2.3. Erythritol Production Using UV Mutants

In the next stage of the research, eight new strains were tested using the substrate dosing strategy of 250 + 50 g/L, previously found to be the most effective (Table 2). The cultures were conducted until the complete depletion of glucose, which lasted from 145 to 222 h, depending on the strain. The erythritol biosynthesis parameters obtained for six of the new mutants were higher than those of the parent strain which produced 112 g/L of erythritol with a yield of 0.37 g/g and a productivity of 0.5 g/Lh. For comparison, in a batch culture with continuous substrate feeding, in which a total concentration of 300 g/L of glycerol was used, the yield and volumetric production rate of erythritol biosynthesis were higher: 0.56 g/g and 1.00 g/Lh, respectively [20]. In the present study, the highest yield, volumetric production rate, and selectivity of erythritol production values were observed for the K1UV15 strain. It should also be emphasized that in the culture with this strain, no foam formation was observed throughout the production process, which is a very desirable feature in the technological process, especially on an industrial scale, which is why this strain was recommended for the next stage of research.

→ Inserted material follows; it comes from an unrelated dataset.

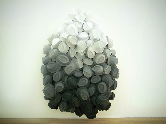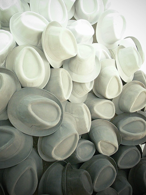 Work "Chapeau" is inspired from an English saying – 'Wearing many hats' – and a Japanese proverb – 'Nisoku no Waraji wo haku', 'Wearing two pairs of Waraji (traditional straw sandals)'.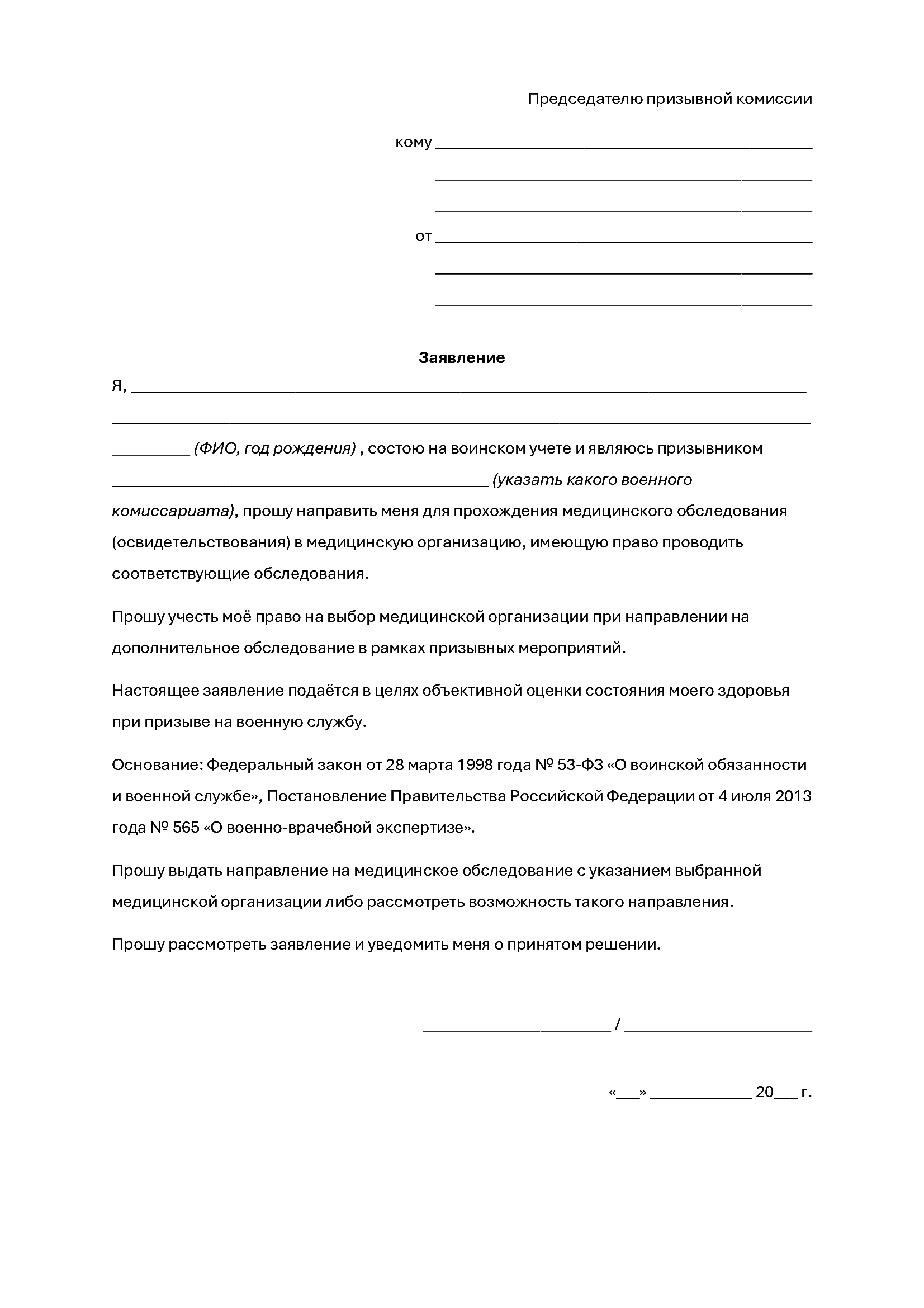 Заявление оформляется в письменной форме и позволяет призывнику заявить о своём праве на выбор медицинской организации при направлении на обследование.

2.4. Effect of (NH₄)₂SO₄ Concentration on Erythritol Production by K1UV15 Strain

In the next experiment, the effect of the nitrogen source concentration on the erythritol biosynthesis process by the selected K1UV15 strain was examined (Figure 3). In this study, all cultures were carried out using an inorganic salt, (NH₄)₂SO₄, which was previously identified as the best source of nitrogen for the biosynthesis of erythritol from glycerol by the Wratislavia K1 strain [42]. Most authors recommend organic compounds as a source of nitrogen for the process of erythritol biosynthesis. Most often, this compound is yeast extract, corn steep powder, or liquor, but maltose extract, casamino acid, beef extract, peptone, tryptone, and soybean flour have also been examined [28,29,43,44]. In a medium containing only glycerol, and yeast extract, with or without NaCl, the Wratislavia K1 strain exhibited very good erythritol production parameters—a yield in the range of 0.54–0.62 g/g and a productivity of 0.61–1.2 g/Lh [37]. The values of these parameters depended primarily on the concentration of biomass in the production process, which, depending on the purity of the substrate and yeast extract concentration, ranged from 16.7 to 41.8 g/L. It should be noted, however, that the application of an organic nitrogen source, such as yeast extract, in the production medium may affect the color of erythritol crystals formed after the crystallization process, necessitating an additional purification procedure. For this reason, (NH₄)₂SO₄ was used in this study as a source of nitrogen and was tested at different concentrations (Figure 3). It was observed that with the increase in the (NH₄)₂SO₄ concentration, the biomass level increased from 23.3 to 33.7 g/L. The final erythritol concentration in these processes ranged from 115 to 148 g/L. In the examined range of nitrogen sources, both the amount and efficiency of erythritol production did not change significantly, while the volumetric production rate of this polyol was definitely the highest (1.00 g/Lh) in the culture with 3.6 g/L of (NH₄)₂SO₄. In this process, 148 g/L of erythritol was obtained with a yield of 0.49 g/g (Figure 3).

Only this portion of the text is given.